Zadig
Un jour, se promenant auprès d’un petit bois, il vit accourir à lui un eunuque de la reine, suivi de plusieurs officiers qui paraissaient dans la plus grande inquiétude, et qui couraient çà et là comme des hommes égarés qui cherchent ce qu’ils ont perdu de plus précieux. Jeune homme, lui dit le premier eunuque, n’avez-vous point vu le chien de la reine ? Stade répondit modestement, C’est une chienne, et non pas un chien. Vous avez raison, reprit le premier eunuque. C’est une épagneul très petite, ajouta
Stade ; elle a fait depuis peu des chiens ; elle boite du pied gauche de devant, et elle a les oreilles très longues. Vous l’avez donc vue ? Dit le premier eunuque tout essoufflé. Non, répondit Stade, je ne l’ai jamais vue, et je n’ai jamais su si la reine avait une chienne. Précisément dans le même temps, par une bizarrerie ordinaire de la fortune, le plus beau cheval de l’écurie du roi s’était échappé des mains d’un palefrenier dans les plaines de babiole. Le grand-veneur et tous les autres officiers couraient après lui avec autant d’inquiétude que le premier eunuque après la chienne.
Le grand-veneur s’adressa à sud swaps toi vie nixe page Stade premier bu soûlaient I H0fi6pq 15, 2009 | 4 pages Stade, et lui demanda s’il n’avait point vu passer le cheval du roi. C’est, répondit Stade, e cheval qui galope le mieux ; il a cinq pieds de haut, le sabot fort petit ; il porte une queue de trois pieds et demi de long ; les obsolètes de son mors sont d’or à vingt-trois carats ; ses fers sont d’argent onze deniers. Quel chemin a-t-il pris ? Où est-il ? Demanda le grand-veneur. Je ne l’ai point vu, répondit Stade, et je n’en ai jamais entendu parler.

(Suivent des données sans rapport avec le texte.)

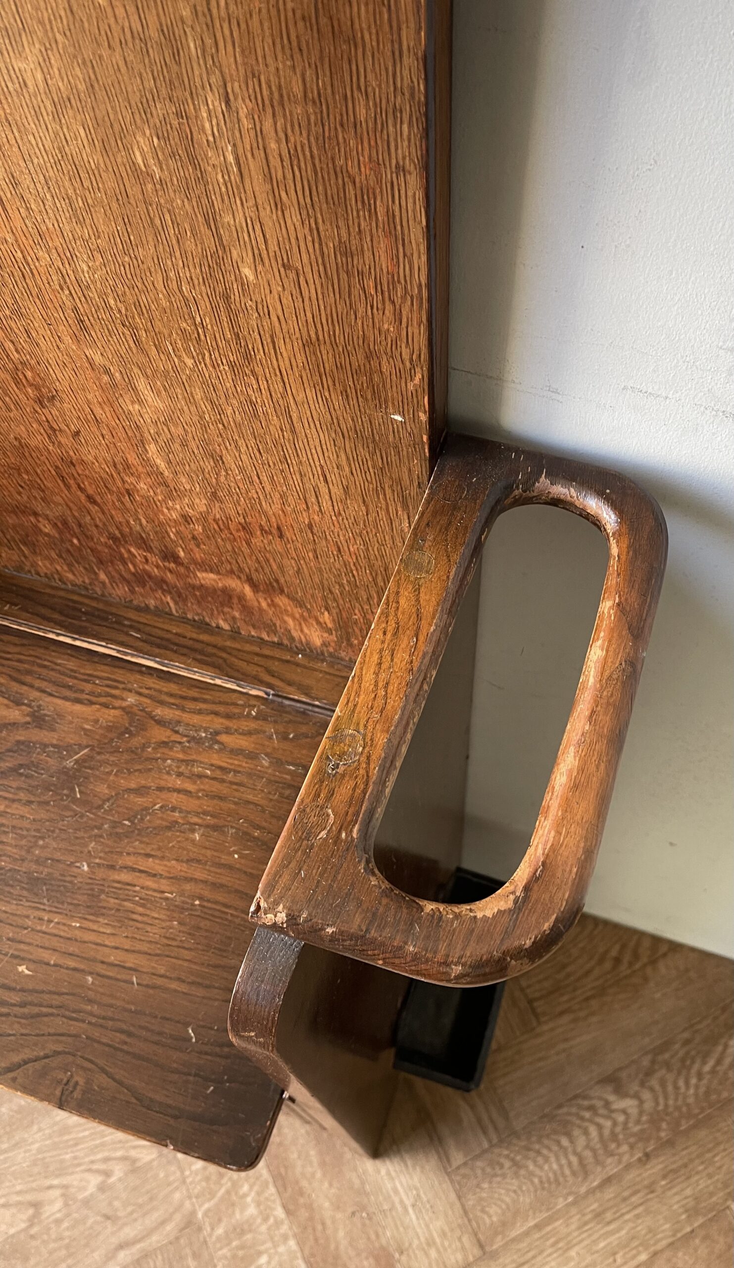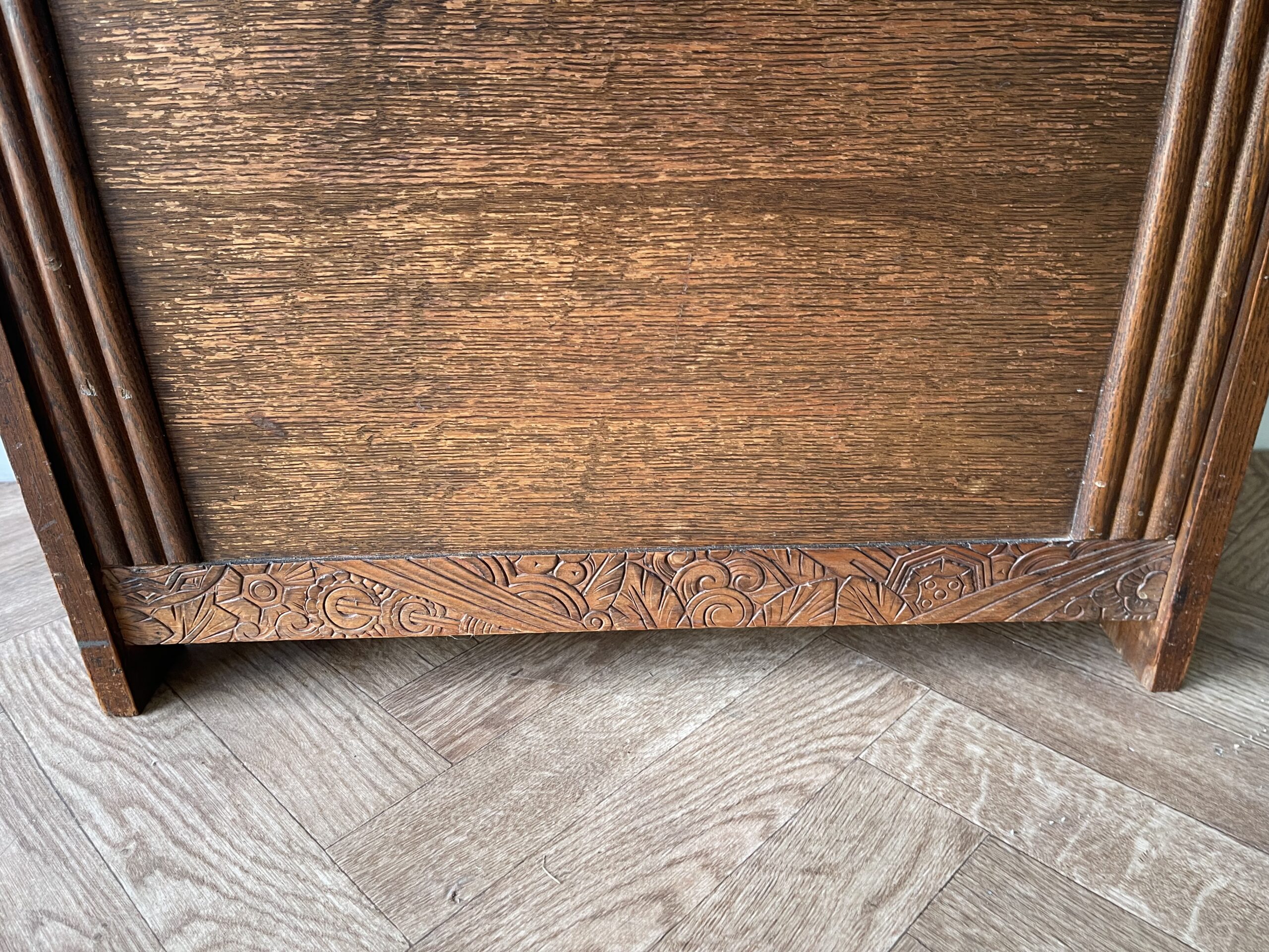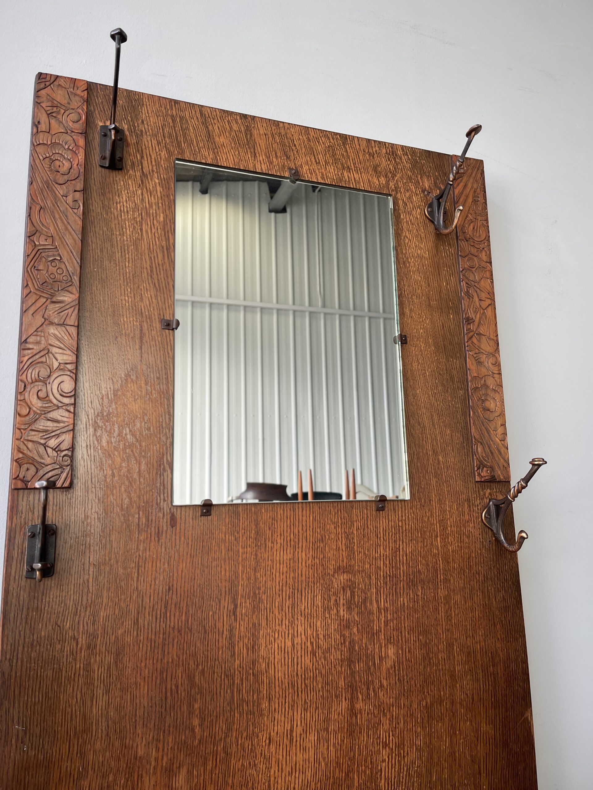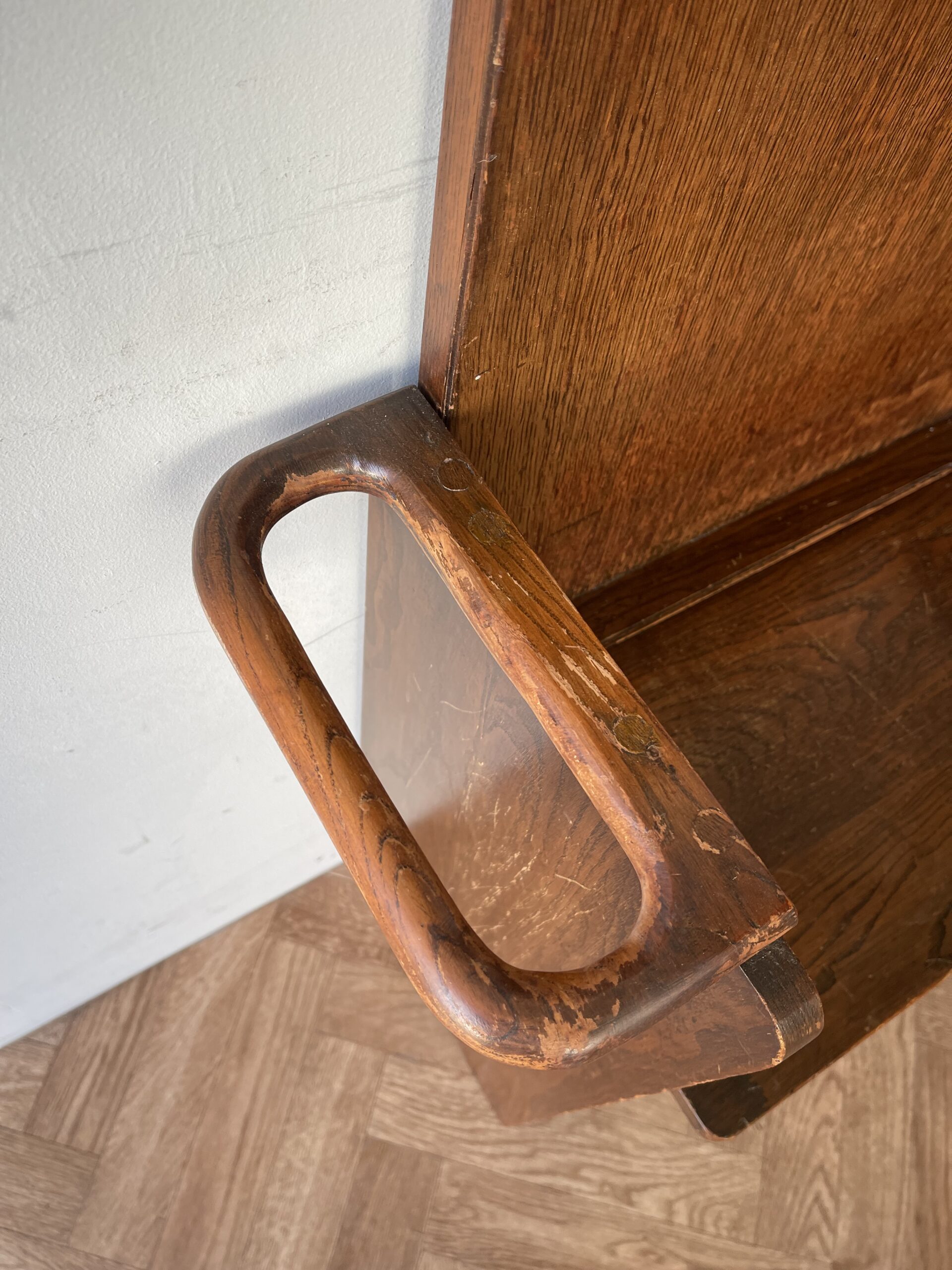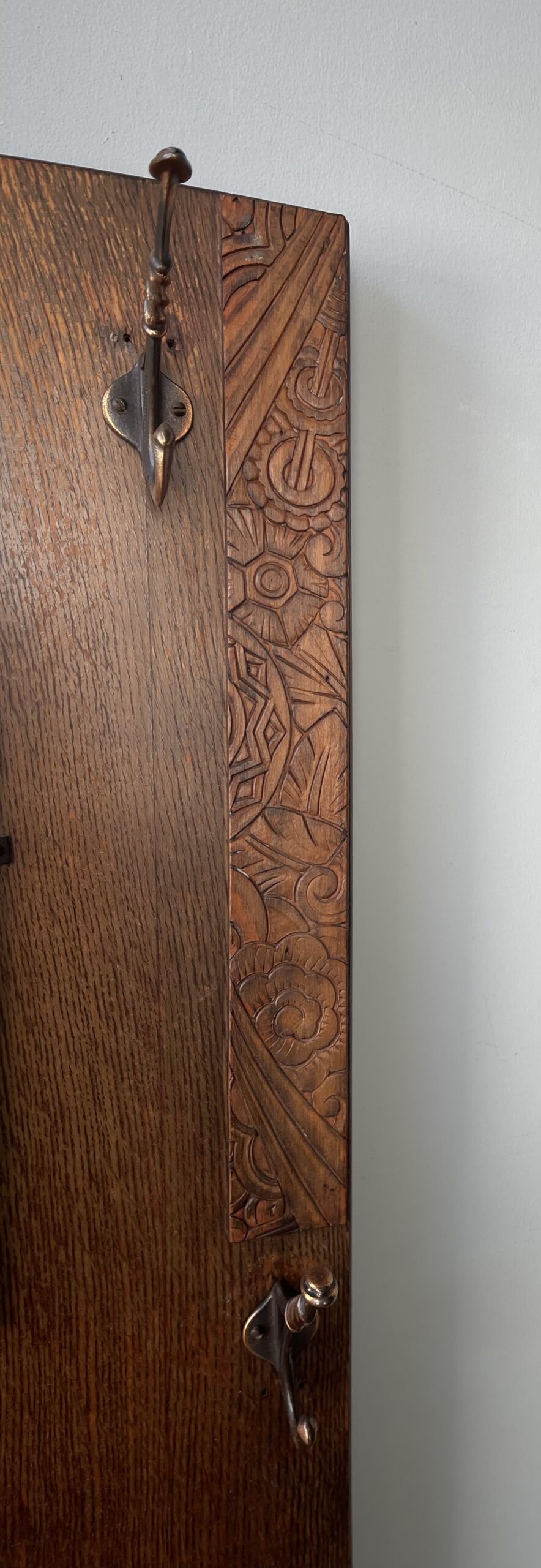 This is an antique oak hall stand, also known as a hall tree or hall bench. This specific piece appears to be an Art Deco style item from the early 20th century.

Le grand-veneur et le premier eunuque ne doutèrent pas que Stade n’eut volé le cheval du roi et la chienne de la reine ; ils le firent conduire devant l’assemblée du grand désertera, qui e condamna au connut, et à passer le reste de ses jours en sibérien. A peine le jugement fut-il rendu qu’on retrouva le cheval et la chienne. Les juges furent dans la douloureuse nécessité de réformer leur arrêt ; mais ils condamnèrent Stade à payer quatre cents onces d’or, pour avoir dit qu’il n’avait point vu ce qu’il avait vu.
AI fallut d’abord payer cette amende ; après quoi il fut permis Stade de plaider sa cause au conseil du grand désertera ; il parla en ces termes : «Étoiles de justice, abîmes de science, miroirs de vérité, qui avez la pesanteur du plomb, la dureté du fée justice, abîmes de science, miroirs de vérité, qui avez la pesanteur du plomb, la dureté du fer, l’éclat du diamant, et beaucoup d’affinité avec l’or, puisqu’ m’est permis de râler devant cette auguste assemblée, je vous jure par arrosage, que je n’ai jamais vu la chienne respectable de la reine, ni le cheval sacré du roi des rois.
Voici ce qui m’est arrivé: Je me promenais vers le petit bois où j’ai rencontré depuis le vénérable eunuque et le très illustre grand- veneur. J’ai vu sur le sable les traces d’un animal, et j’ai jugé aisément que c’étaient celles d’un petit chien. Des sillons légers et longs, imprimés sur de petites éminences de sable entre les traces des pattes, m’ont fait connaître que c’était ne chienne dont les mamelles étaient pendantes, et qu’ainsi elle avait fait des petits il y a peu de jours.
D’autres traces en un sens différent, qui paraissaient toujours avoir rasé la surface du sable à côté des pattes de devant, m’ont appris qu’elle avait les oreilles très longues ; et comme j’ai remarqué que le sable était toujours moins creusé par une patte que par les trois autres, j’ai compris que la chienne de notre auguste reine était un peu boiteuse, si je l’ose dire.